Study of many of these lophophyllid corals indicates that the position of the fossula in relation to the curvature of the corallite is of little generic significance. Grabau (1922, p. 13) suggests that curvature in a plane other than that of the cardinal and counter septa is probably due to a pathologic cause. Many Upper Carboniferous and Lower Permian species of lophophyllid corals, however, are consistently curved in the alar plane.

Douglas (1920, p. 42), in describing some lophophyllid corals from South America that have a solid axial column and lack dissepiments, recognized that these could not be included in Lophophyllum as defined by Carruthers. No name was proposed by Douglas, and they were termed "Lophophylloid Zaphrentids" because they seemed essentially similar to Zaphrentis except for the column.
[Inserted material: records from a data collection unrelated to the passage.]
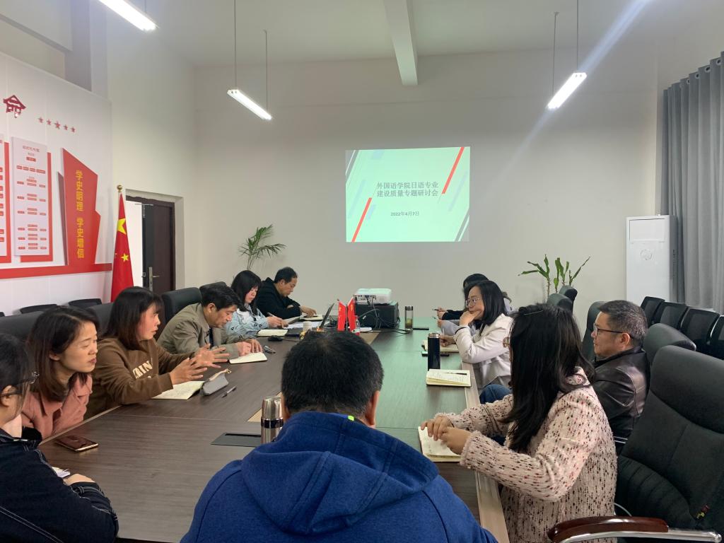 4月7日下午,我院在博学楼3栋315召开日语专业建设质量研讨会,参加人员包括学院领导、教务助理、专业教学秘书和日语系全体教师。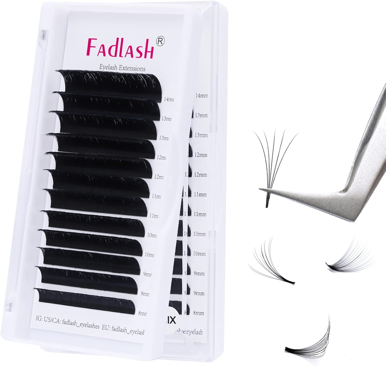 FadlashEasy FanLashes D Curl - 0.05, 12mm Russian Lashes for Natural Look -...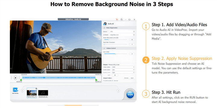 In addition to hardware problems, for problems with the audio file itself, such as poor audio quality, we recommend using sound quality improvement tools such as VideoProc Converter AI. This software comes equipped with an Audio AI feature that can significantly improve your audio quality by removing noise, making it clearer and more vibrant.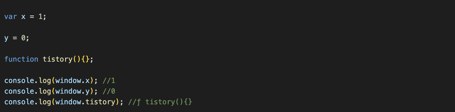 var키워드로 선언한 전역변수와 전역함수, 그리고 선언하지 않은 변수에 값을 할당한 암묵적 전역은 전역객체 window의 프로퍼티가 된다. 전역 객체의 프로퍼티를 참조할 때 window를 생략할 수 있다.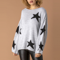 HDRM22081 Young and Fresh Grey Slouch Star Cuello redondo Estilo Soft Knit Sparkle Detail Jumper para días Casuales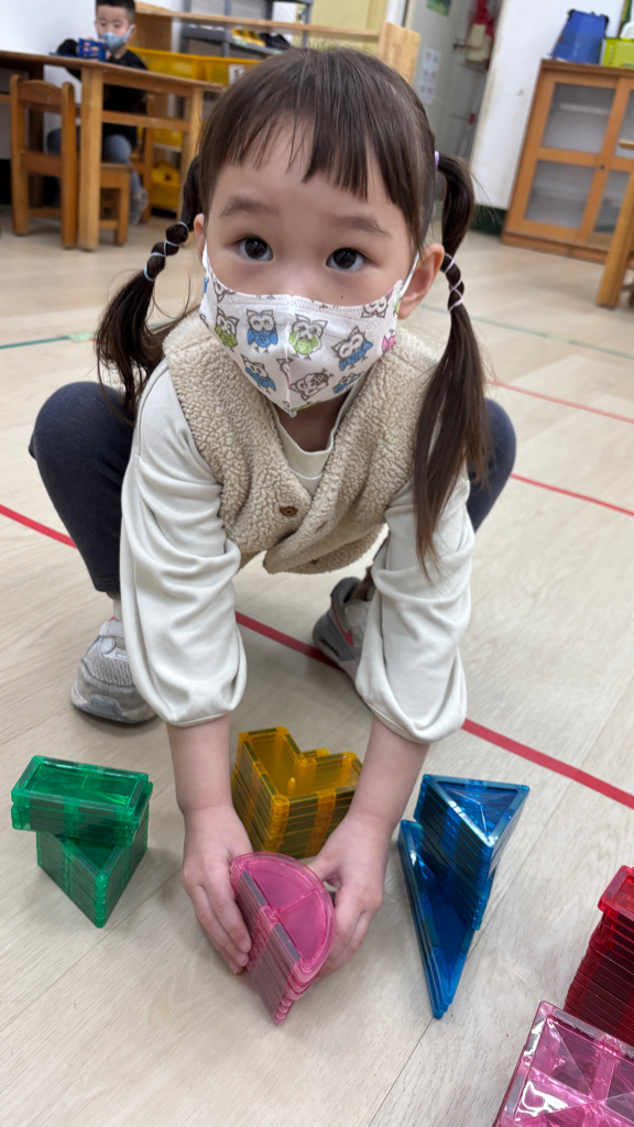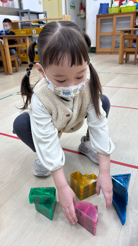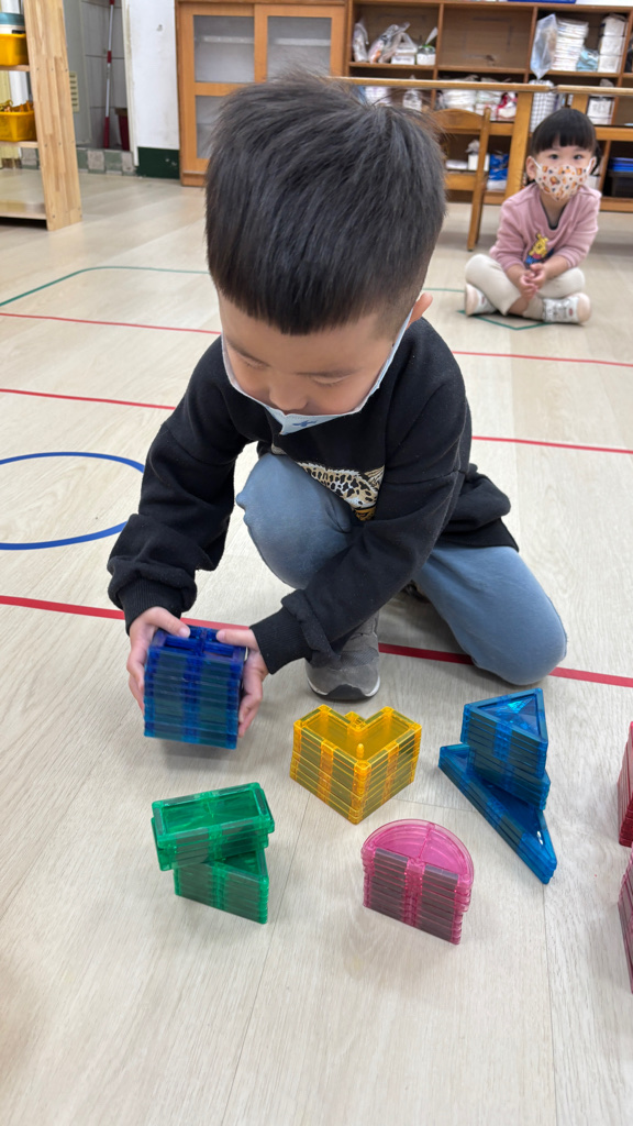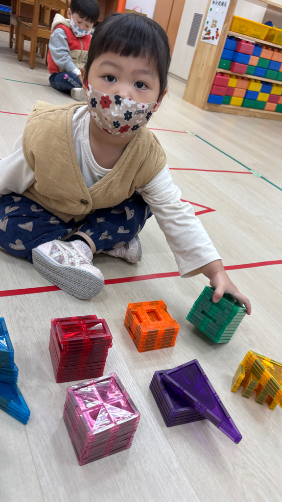 相簿名稱: (寶寶班)複習顏色並挑選愛的磁力片組裝玩

Chi (1938, p. 161) has since referred these corals from Peru to Sinophyllum.

In 1928 Grabau described several types of simple column-bearing rugose corals and, for the group of forms that had been referred generally to Lophophyllum, he set up the new genus Lophophyllidium, with the American species Cyathaxonia prolifera McChesney as genotype. In the same paragraph in which this new genus is proposed Grabau (1928, p. 99) states:

It may, however, be remarked that since corals of the L. tortuosum type have been described as Koninckophyllum, though the majority of the species figured by Thomson and Nicholson show a more extensive peripheral zone of dissepiments, that it does not seem altogether advisable to apply the law of priority strictly in this case by removing the well-known species from the genus Lophophyllum and placing therein the species of Koninckophyllum, as suggested by Carruthers. My own opinion would be that less confusion would arise if Lophophyllum were to be retained for the species congeneric with L. proliferum McChesney or L. profundum E. and H. and more specialized Lower Carboniferous species retained in the genus Koninckophyllum.

Lophophyllidium has been used by most authors for small solitary horn corals lacking dissepiments but having tabulae and a prominent solid rodlike column that is formed by the axial thickening of the counter septum.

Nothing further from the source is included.